Брежнев отнюдь не был оторванным от действительности мечтателем. Купил бы он уже и легковую машину, да год выдался очень тяжелый. И, посоветовавшись с женой, отдал бригадир все свои накопления, заработанные умным и честным трудом, на поддержание детского сада. Сам будучи бездетным, очень любил Андриан Кузьмич детишек. Редкий день не наведывался в детский сад. Придет, походит, заложив руки за спину, среди гомонящей детворы, как птичница по курятнику, и уйдет. Такой же на вид «застегнутый», а в душе очень довольный. Потому и деньги, собранные на машину, отдал с легкой душой.
Но от мечты своей не отказался. Очень внимательно изучил постановление Февральского пленума ЦК, а затем погрузился в вычисления. Точно подсчитал, сколько может вырастить на полях бригады хлеба, сколько получит премии. Выходило – порядочно. Проверил, и не раз.
Готовиться к севу Брежнев начал еще с осени. Сам был знающий полевод, но все-таки за зиму раз пять наведывался к районному агроному и два раза выезжал в Мичуринск. Мало того, написал письмо, целый опросный лист, в Москву, в Тимирязевскую академию. И ответ получил, подписанный профессором, чье имя в колхозах было хорошо известно. Правда, многое из того, что советовал применить профессор, бригадир уже знал, да и применял не раз, но кое-что, особенно подкормка и культивация посевов, Брежнева заинтересовало.
По многу часов просиживал Андриан Кузьмич длинными, начинающимися чуть ли не с полдня, зимними вечерами за своим письменным столом над большим, в полстола, планом полей бригады, который выполнил по заказу бригадира его любимец комсомолец Петр Аникеев. Сидел колхозник, похожий на ученого, в своем «кабинете», листал справочники, писал что-то, щелкая счетами, расставлял на плане только одному ему понятные знаки.
С благоговением наблюдала за своим «мужиком» жена Брежнева – простая крестьянская женщина. А потом с гордостью говорила соседкам:
– Мой-то опять что-то придумал!
– Андриан такой! Самого бога за бороду ухватит.
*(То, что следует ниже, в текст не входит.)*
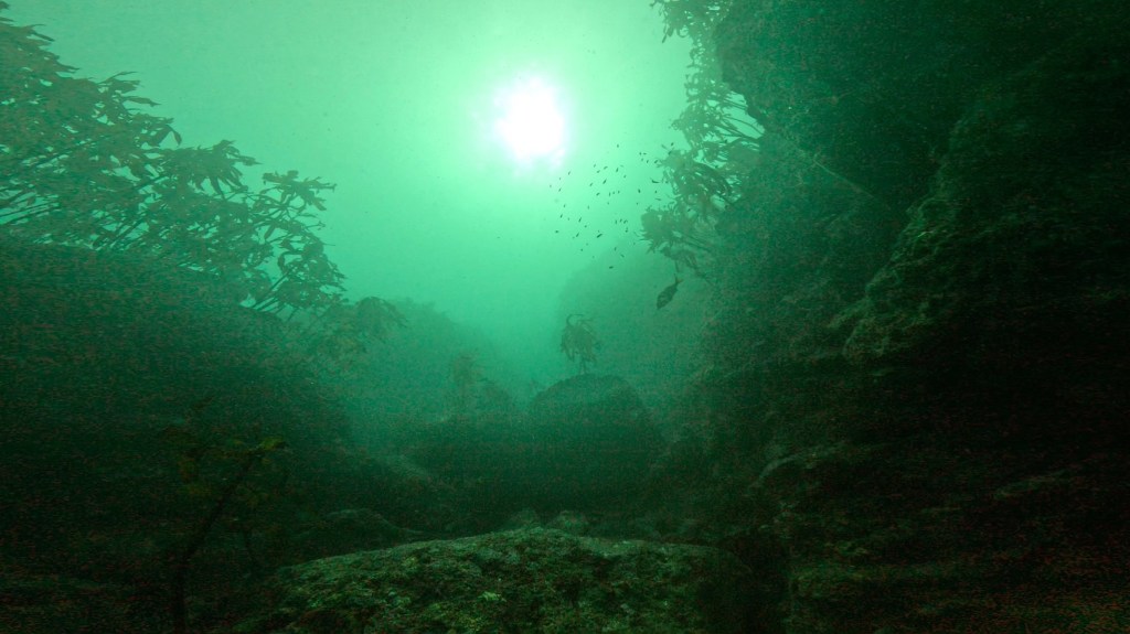 エントリーして水底を見下ろすとカジメ林が続き水底から上を見上げると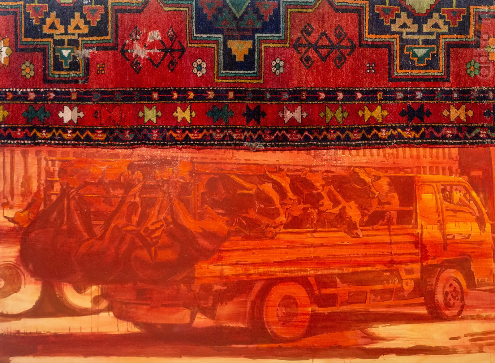 Фото №958585. На убой. 2018. Аладдин Гаруновиз серии «Среда обитания»; холст, акрил, фрагмент ковра; собственность автора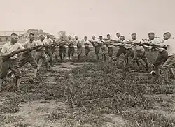On 4 May, the division captured the crown jewels of Hungary in Mattsee, Austria.[8] At the end of the war, the division was securing the left flank of the XV Corps. After processing German prisoners of war, it was redeployed to the United States, the 14,289 officers and men arriving in New York aboard four Navy transports[5] 17 June 1945. The division trained briefly at Camp Gruber, Oklahoma, 21 June – 11 August 1945; and then left San Francisco, 24 August 1945, for the Philippines. The 86th Division was aboard ship in Leyte harbor when the Japanese surrendered. After landing on Luzon the unit was dispersed throughout the Island, some to Marikina, some to other locations. A few were assigned to Corregidor Island to guard Japanese prisoners of war. While Japan formally had surrendered on 2 September 1945, division soldiers still sometimes had to face Japanese soldiers who had refused to surrender as well as Huks (Hukbalahap guerrillas). According to one account, as late as October 1946 the "straggler menace was still there" as 77 Japanese prisoners were captured. A division officer (Lt. Col. A.L. Hugins) also "was fired on while in convoy near Angeles" in the same month.[9]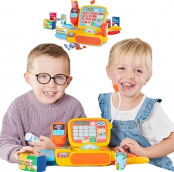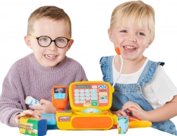 Prehľadná klávesnica s funkciami kalkulačky a kategóriami tovaru uľahčuje sčítanie nákupu a precvičuje počítanie aj logické myslenie.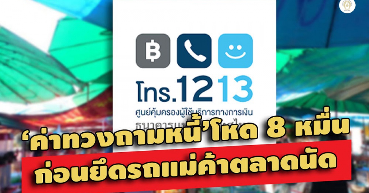 เปิดเสียงสนทนา ‘แม่ค้าตลาดนัด’ ถูกแบงก์แห่งหนึ่ง เรียกเก็บค่าทวงถามหนี้ 8 หมื่นบาท ก่อนโดนยึดรถ เจ้าหน้าที่แจงเป็นไปตามระเบียบธนาคาร ด้าน ‘ศคง.’ เผยปี 63 มีผู้ร้องเรียนถูกทวงถามหนี้ไม่เป็นธรรม 3,970 เรื่อง พบมีการเรียกเก็บค่าทวงหนี้ภาคสนามไม่น้อยกว่า 20,000-40,000 บาท/ครั้ง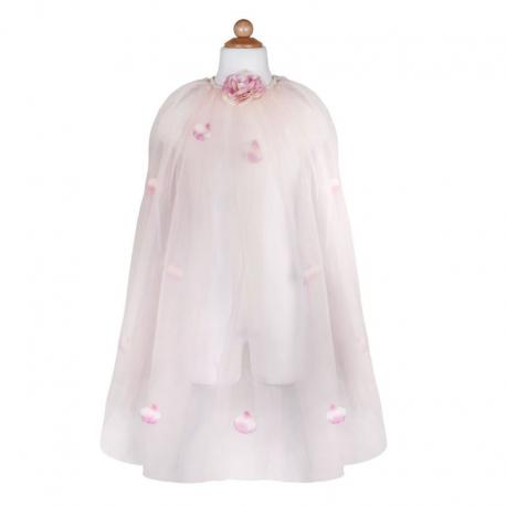 Cette cape de princesse de Great Pretenders au magnifique teintes d'ivoire antique et de rose poudré, elle est faite d'organza doux et ornée de pétales de rose sur la cape.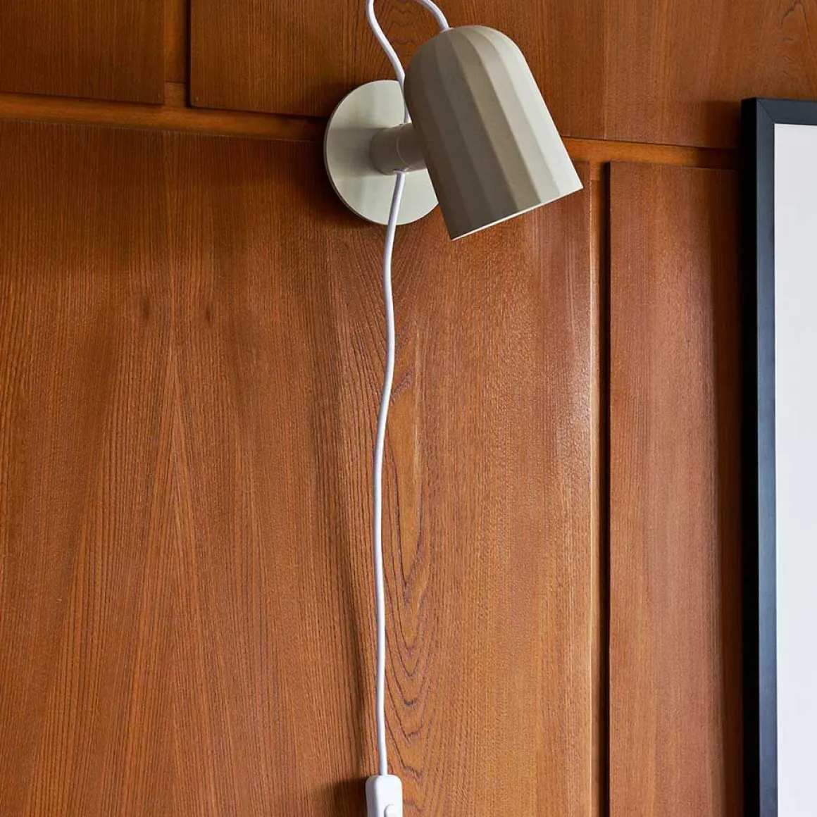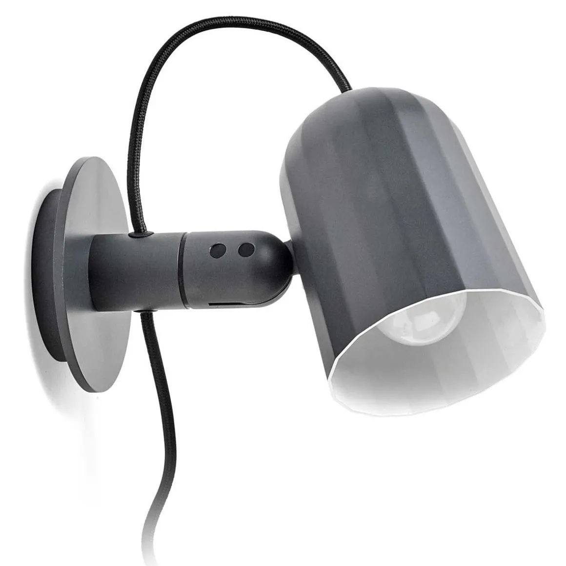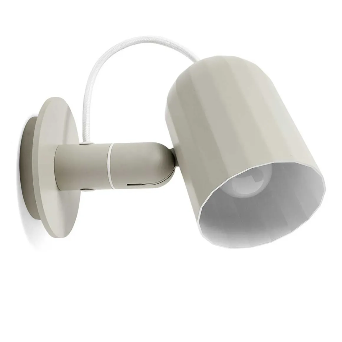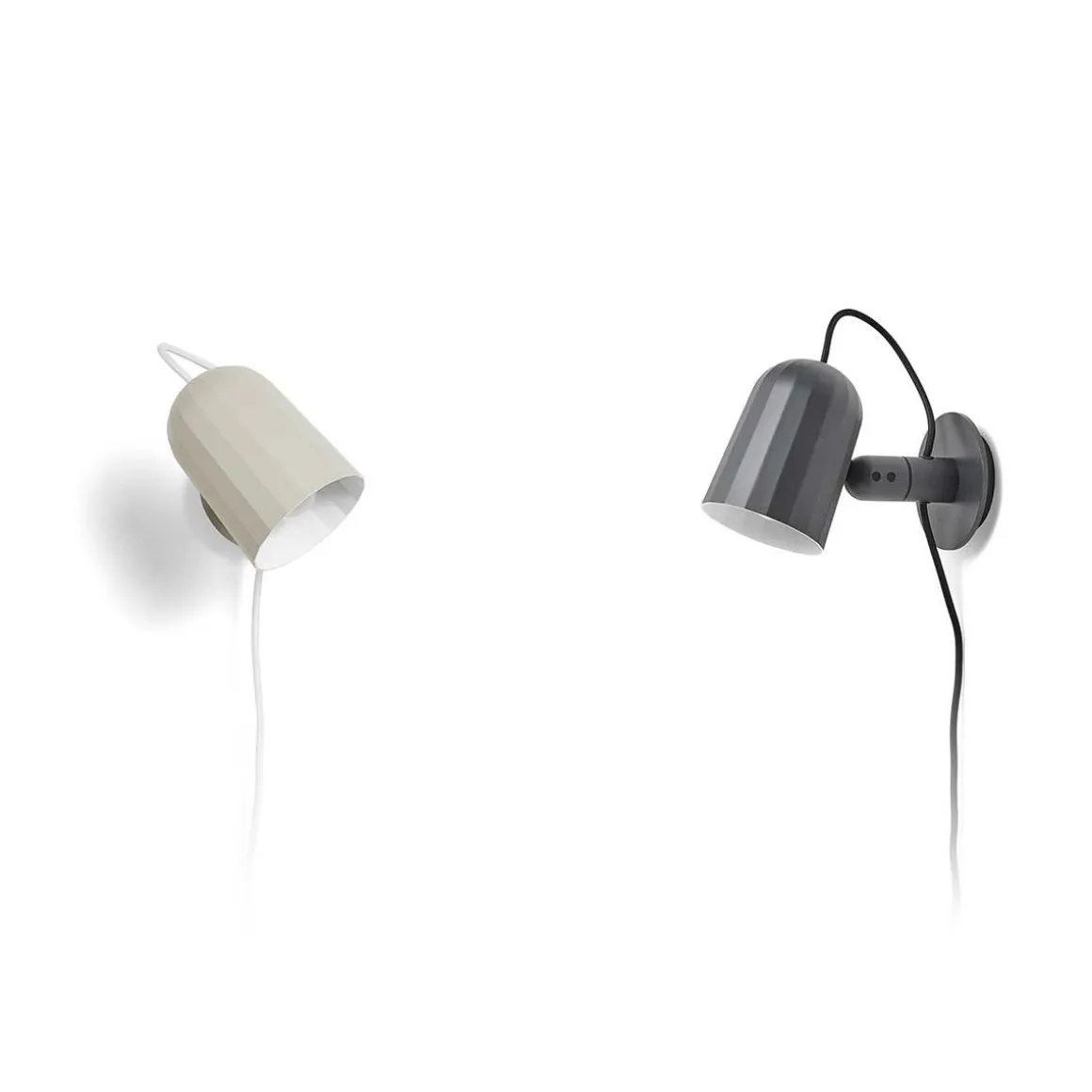 Noc Wall Applique de Hay. Noc Wall est une applique murale adaptable en aluminium moulé sous pression avec une teinte facettée et une finition laquée lisse. Le mécanisme rotatif offre deux points de réglage et la lampe principale est fixée dans le support mural permettant au câble de pendre librement à la lampe à brancher dans une prise murale. Noc Wall est un luminaire polyvalent pour une utilisation quotidienne dans un environnement domestique et commercial. Il est fourni avec une ampoule et un câble de deux mètres avec interrupteur on/off. Noc Wall est disponible en gris foncé et en blanc cassé.

По утрам, точно в восемь часов, так уж было заведено, приходила к Брежневу учетчица Нюра Присыпкина. Долго обивала в сенях с валенок снег, поправляла под платком волосы и лишь после этого нерешительно стучала в дверь. Боялась Нюра своего бригадира, хотя ни разу от него не то что крику, грубого слова не слыхала.
Происходил примерно такой разговор:
– Прикажи, милая, человекам десяти завтра выйти на озими. Щиты будем переставлять. Рядками они у нас там стоят, а полагаю, что вразброс лучше. Пусть, как рассветет, соберутся на конюшне. Я туда подойду к девяти часам.
– Ладно, прикажу, – отвечала девушка.
Но не уходила. Смотрела то на бригадира, то на стоящий в углу бюст Тимирязева.
– Чего ты? Иди, все пока.
– Уж больно студено, Андриан Кузьмич. Вчера хворост рубили – прямо поморозились все.
– Ничего, ничего, Аннушка. На работе человек никогда не простынет. А ты как думала, хлебушко-то кушать, не слезая с печи? – ласково говорил Брежнев.
Аннушка уходила. Но в сенях задерживалась, поворачивалась к двери: «Чтоб тебе, старому кочету, пусто было! И так народ отощал, а он дня передохнуть не даст. Нет, надо к Данилычу переходить, а то к Камынину».
И другие колхозники ворчали и тоже грозились уйти из бригады.
Но из семидесяти трех человек ушел только один, звеньевой Поплевин. Да и тот, как подошла весна, стал проситься обратно. Но Брежнев не принял.
– Нет, голубь. У меня работа, а у Александра кадриль. А ты, видать, до танцев охочий. Крутись уж там.
Одно не нравилось колхозникам в Брежневе: почему это он никогда не поделится своим опытом и знаниями с другими бригадирами и звеньевыми? Никогда не расскажет народу, что придумал, почему делает так, а не иначе, как будет проводить сев.
И Торопчин не раз говорил об этом с бригадиром.
Но Брежнев обычно отвечал:
– А вдруг оно плохо получится? Тогда кто виноват будет?.. Опять Андриан Кузьмич?.. А главное, Иван Григорьевич, никакого в моей работе секрета нет. У нас наука-то ведь не в шкапу заперта. Возьми сам книжку и поинтересуйся.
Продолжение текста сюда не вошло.